**Task instructions:** The lines below, from the first through the one containing "01 - Create", are to be given again exactly, with pictures left out and nothing added.

**Material provided:**

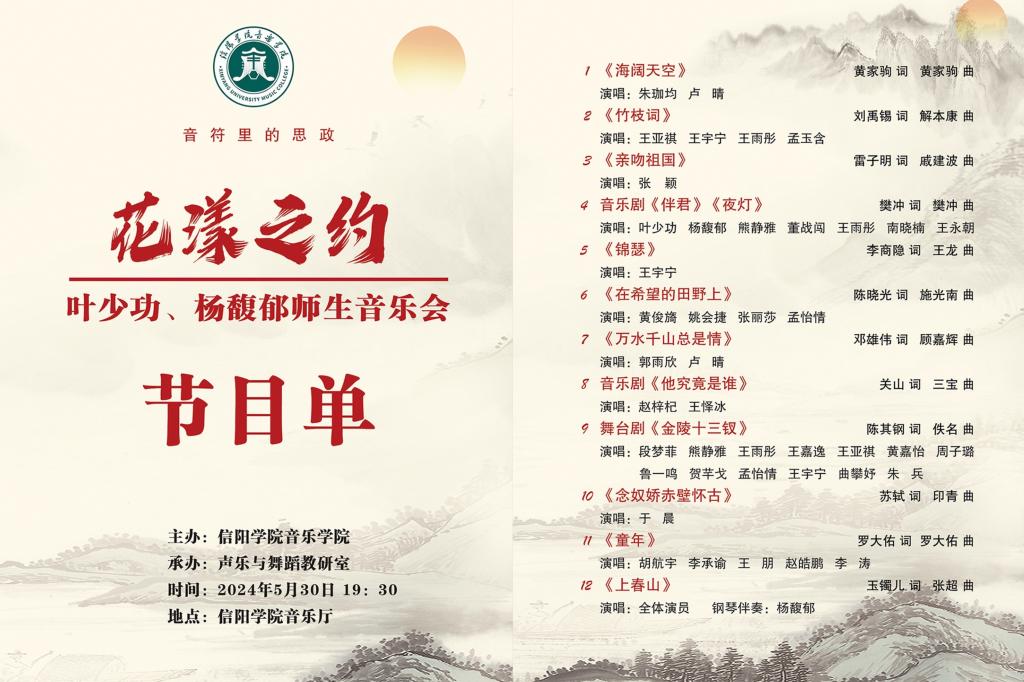 “音符里的思政”系列之“花漾之约”叶少功、杨馥郁教学汇报音乐会活动预告
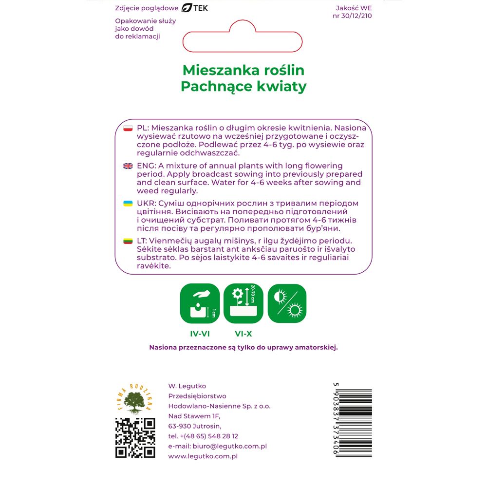 Směs několika druhů jednoletých rostlin, které umožňují vytvořit na zahradě krásný voňavý kout. Díky vhodnému výběru příjemné. květinová vůně nás bude provázet několik měsíců. Semena zasejte v druhé polovině dubna přímo do země. Rostliny sázejte ve vzdálenosti 30 x 40 cm. Ke vzniku dochází po 2-3 týdnech. Pěstujte na slunném místě, v úrodné, středně vlhké půdě. Kvete od poloviny června do poloviny října.
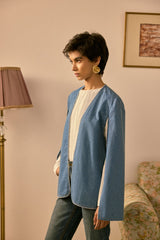 A versatile indigo-hued outerwear piece that provides a light layer of sophistication. Its fluid fit and minimal sparkle bridge the gap between casual ease and evening polish.
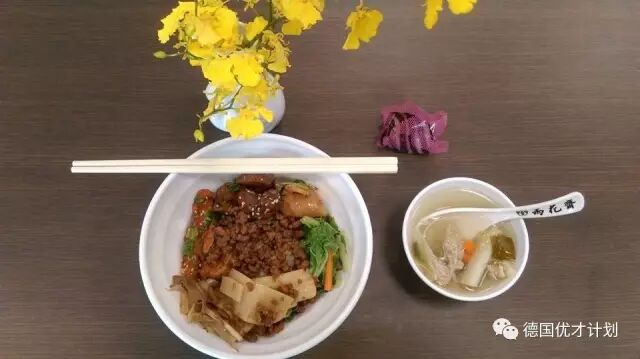在用餐期间,还会有义工举着一个“请止语”的牌子示意大家吃饭时,要遵守“食不语”的古训。
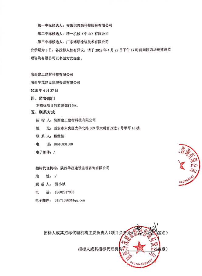陕西建工建材科技有限公司涂装板生产线项目设备采购中标公示
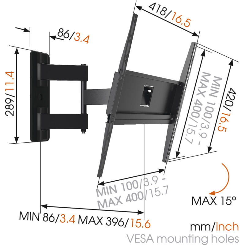 Vogels | Wall mount | MA3040-A1 | Full Motion | 32-65 " | Maximum weight (capacity) 25 kg | Black
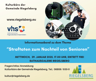 Eintritt frei, Anmeldung erwünscht – Kulturbüro der Gemeinde Riegelsberg, 06806/930-0, kultur@riegelsberg.de, www.riegelsberg.eu
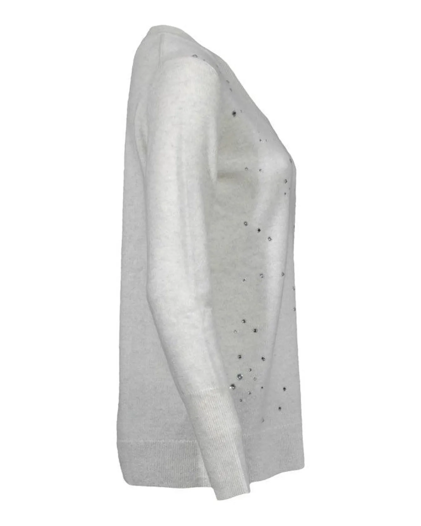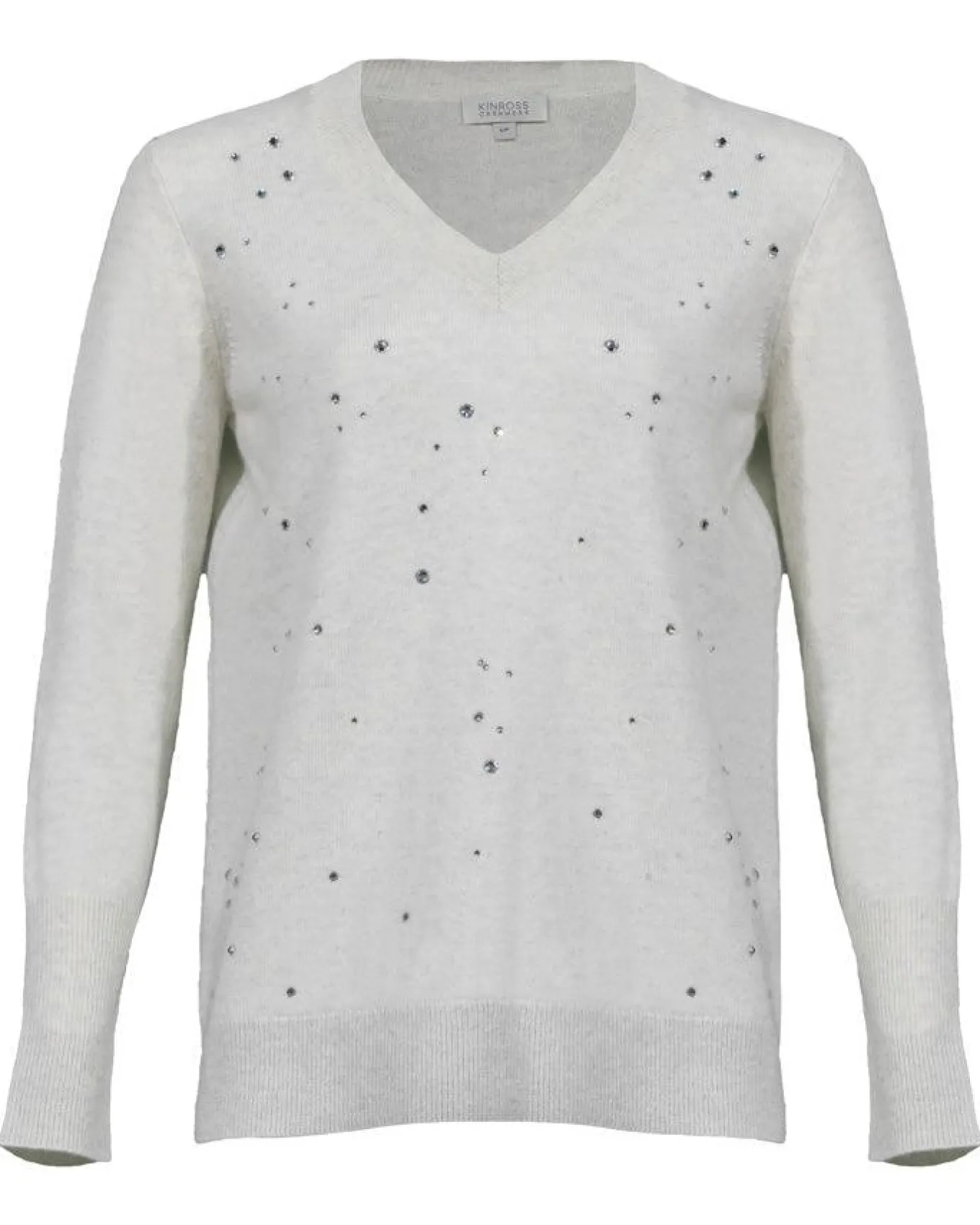 Kinross luxurious, lightweight cashmere pullover with v-neckline, crystal studded front and ribbed trim.
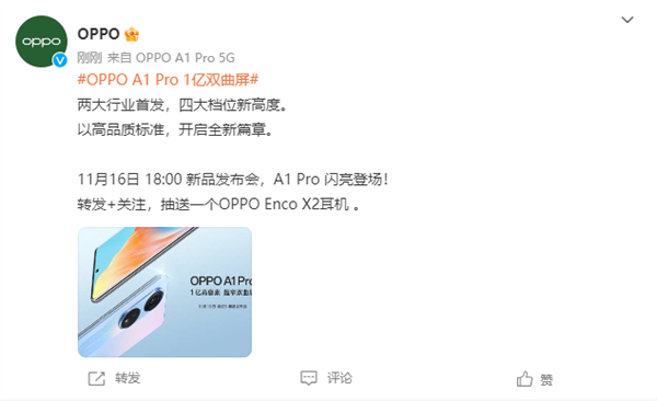 今天,OPPO宣布,将在11月16日召开新品发布会,为用户带来A系列的新品:OPPO A1 Pro。
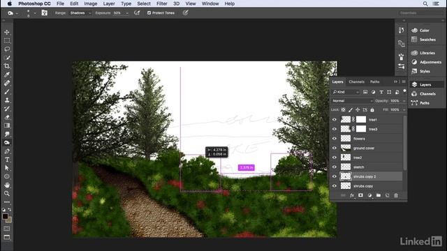 01 - Create a tranquil landscape Add a path and shrubs
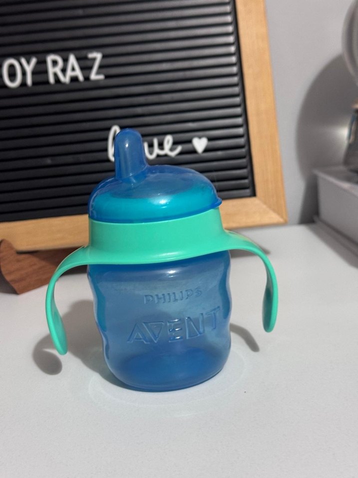 Renkli mavi Philips Avent bebek suluk, kolay içim için kulplu ve yumuşak ağızlıdır. Küçük çocuklar için uygundur.
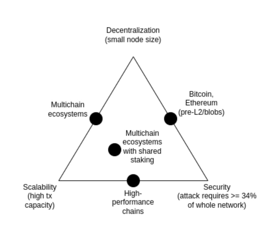 可扩展性三角悖论是 2017 年提出的一个想法,它认为区块链的三个特性之间存在矛盾:去中心化(更具体地说:运行节点的成本低)、可扩展性(处理的交易数量多)和安全性(攻击者需要破坏网络中很大一部分节点才能使单笔交易失败)。
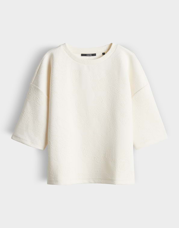 Boxy sweater van Someday met een 3D borduurwerk, halflange mouwen, verlaagde schoudernaden en een ronde hals. Materiaal: Katoen 68%| polyestre 29%| elastan 3%
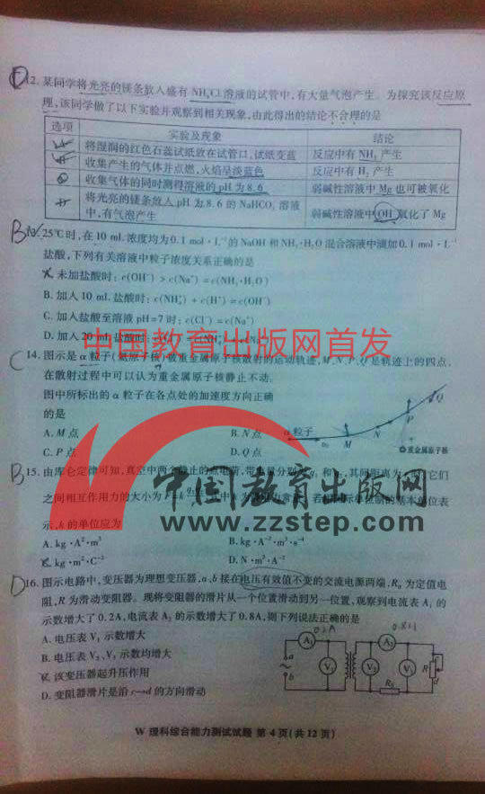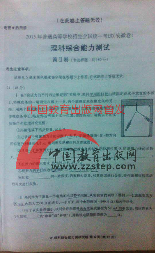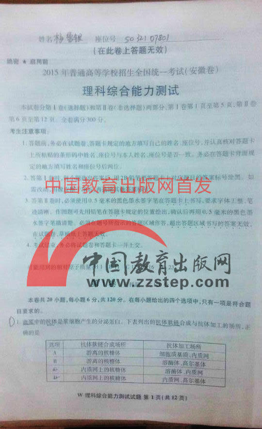 2015年安徽高考理綜試卷(完整版)
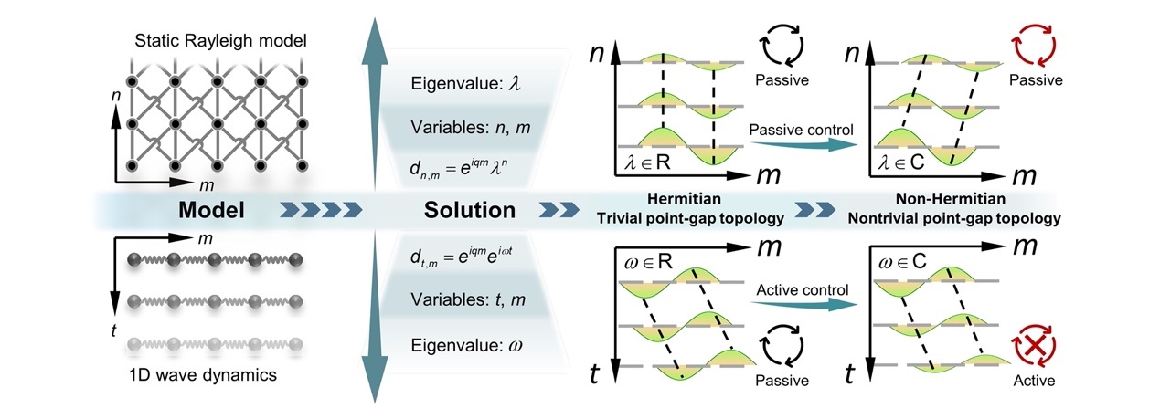 自然界和人工系统的演化往往是非保守的,伴随着与外部环境间的能量交换。例如,运动的物体会因为空气阻力而损失动能,冰在融化时会不断吸收外部热量等。这些非保守的动力学演化过程可以用一类特殊的算符—非厄米哈密顿量进行刻画。当系统的微组织结构是规则周期时,它的宏观属性在很大程度上取决于周期结构的能带特性。如果将非厄米与拓扑能带巧妙结合,则有可能在拓扑绝缘体、拓扑声学和拓扑力学等系统中催生出奇异点、宇称-时间对称性及非厄米趋肤效应等一系列新奇的拓扑现象,在能量收集、信息传输、认知型材料等方面具有广泛的应用前景。
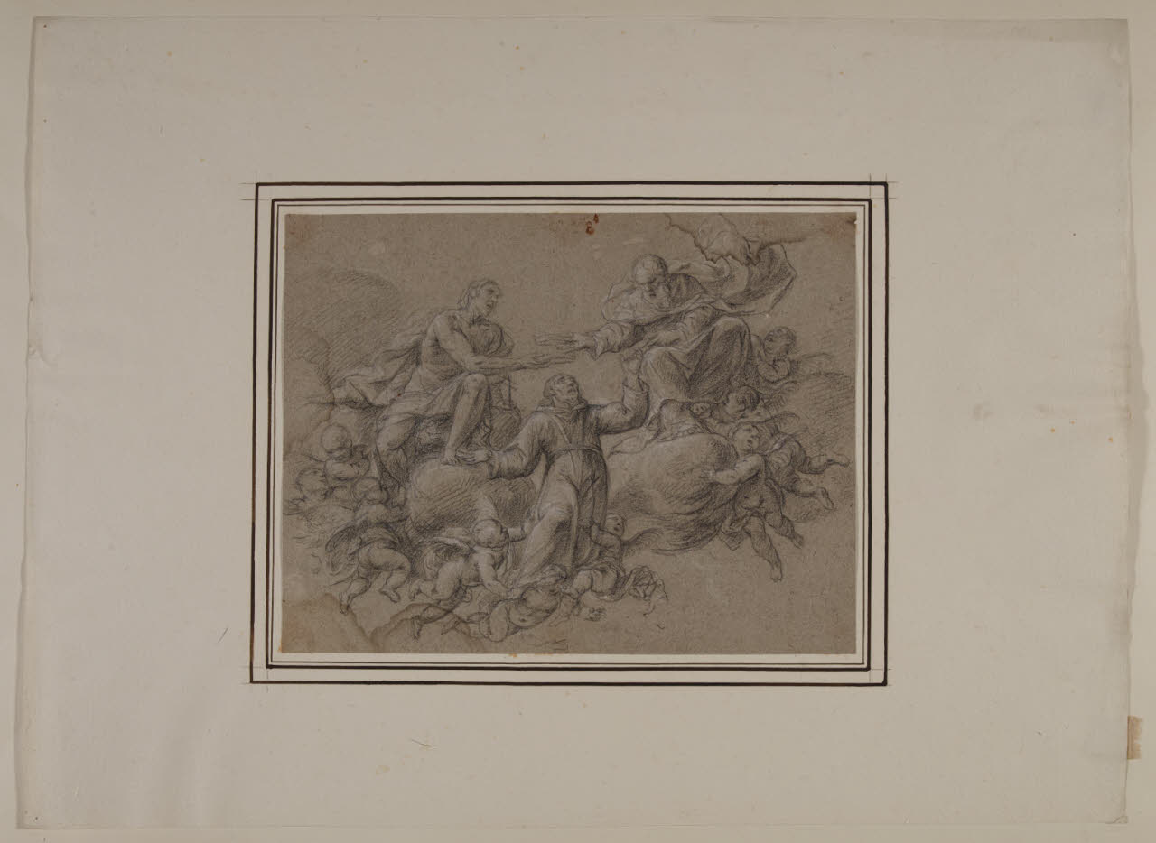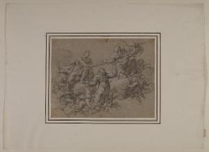 - NOTIZIE STORICO CRITICHE Il disegno fa parte di un nucleo di 34 fogli, alcuni dei quali noti agli studi, tutti realizzati a matita nera e gessetto bianco su carta grigia (eccezion fatta per uno, a matita rossa e gessetto bianco sempre su carta grigia). Tra questi, alcuni recano un'iscrizione attributiva di Giuseppe Bossi e un numero a penna; a livello stilistico (come confermato anche nei casi dei disegni pubblicati), la serie è ascrivibile alla mano del pittore barocco lombardo Antonio Busca. \nIl foglio è stato identificato da G. Rossi (1959) come preparatorio per l'affresco con questo soggetto nella cappella XX del Sacro Monte d'Orta; in aggiunta rispetto a questo Bruzzese (2017) ha segnalato nel foglio inv. 149/29 una variante di studio.\nNell'inventario del 1814 dei beni di Alberico XII Barbiano di Belgioioso (trascritto in M. Forni, "Abitare da principe. Le residenze e le collezioni di Alberico XII Barbiano di Belgiojoso", 2020), nella Cartella G "che contiene i disegni antichi" sono registrati "33 tutti del Busca", stimati £ 66.

**Exercise solution:**
 “音符里的思政”系列之“花漾之约”叶少功、杨馥郁教学汇报音乐会活动预告
 Směs několika druhů jednoletých rostlin, které umožňují vytvořit na zahradě krásný voňavý kout. Díky vhodnému výběru příjemné. květinová vůně nás bude provázet několik měsíců. Semena zasejte v druhé polovině dubna přímo do země. Rostliny sázejte ve vzdálenosti 30 x 40 cm. Ke vzniku dochází po 2-3 týdnech. Pěstujte na slunném místě, v úrodné, středně vlhké půdě. Kvete od poloviny června do poloviny října.
 A versatile indigo-hued outerwear piece that provides a light layer of sophistication. Its fluid fit and minimal sparkle bridge the gap between casual ease and evening polish.
在用餐期间,还会有义工举着一个“请止语”的牌子示意大家吃饭时,要遵守“食不语”的古训。
陕西建工建材科技有限公司涂装板生产线项目设备采购中标公示
 Vogels | Wall mount | MA3040-A1 | Full Motion | 32-65 " | Maximum weight (capacity) 25 kg | Black
 Eintritt frei, Anmeldung erwünscht – Kulturbüro der Gemeinde Riegelsberg, 06806/930-0, kultur@riegelsberg.de, www.riegelsberg.eu
 Kinross luxurious, lightweight cashmere pullover with v-neckline, crystal studded front and ribbed trim.
 今天,OPPO宣布,将在11月16日召开新品发布会,为用户带来A系列的新品:OPPO A1 Pro。
 01 - Create a tranquil landscape Add a path and shrubs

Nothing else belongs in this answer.